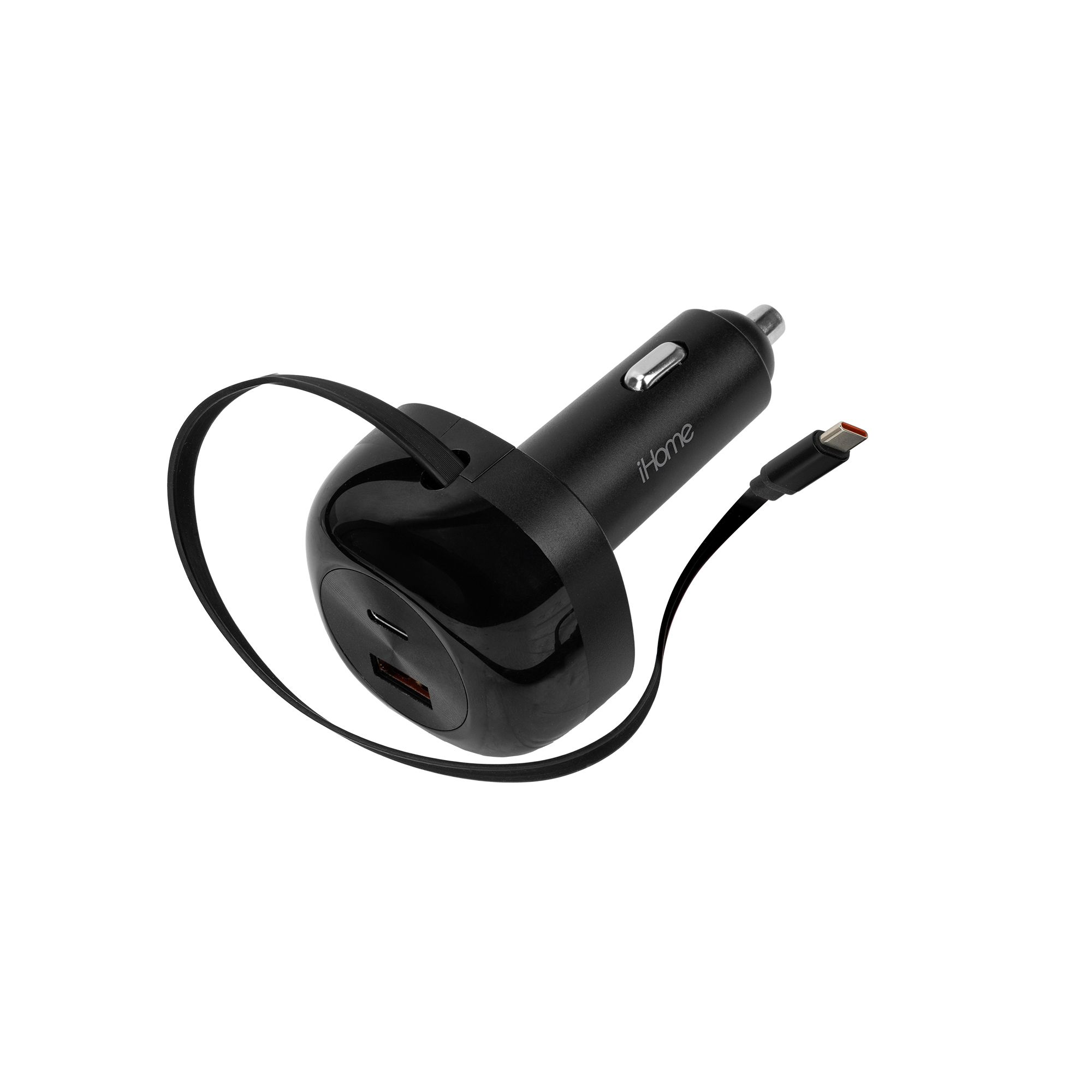 45W Dual Port Car with Retractable USB-C Cable and 1USB-A and 1 USB-C Car Charger
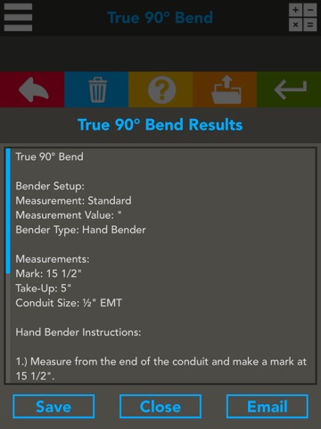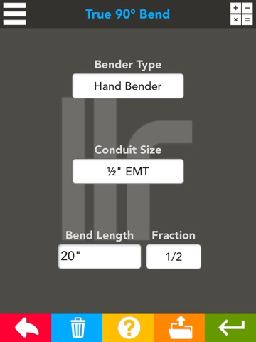 The best conduit bending application on the app store! This application is perfect for the field professional and the office worker. Conduit Bending Helper includes bending calculations for 90 degree bends, back to back 90, offsets, four point saddles, and three point saddles. With three different selectable benders and conduits up to 4", it is easy to see why this application is so great. Includes metric and standard sizes!
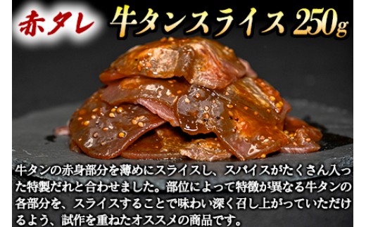 牛タンスライス(赤だれ):牛タンの赤身部分を薄めにスライスしスパイスがたくさん入ったたれと合わせました。

__Task description__
Please output each line above exactly and omit all images.

__Answer to the problem__
 45W Dual Port Car with Retractable USB-C Cable and 1USB-A and 1 USB-C Car Charger
 The best conduit bending application on the app store! This application is perfect for the field professional and the office worker. Conduit Bending Helper includes bending calculations for 90 degree bends, back to back 90, offsets, four point saddles, and three point saddles. With three different selectable benders and conduits up to 4", it is easy to see why this application is so great. Includes metric and standard sizes!
 牛タンスライス(赤だれ):牛タンの赤身部分を薄めにスライスしスパイスがたくさん入ったたれと合わせました。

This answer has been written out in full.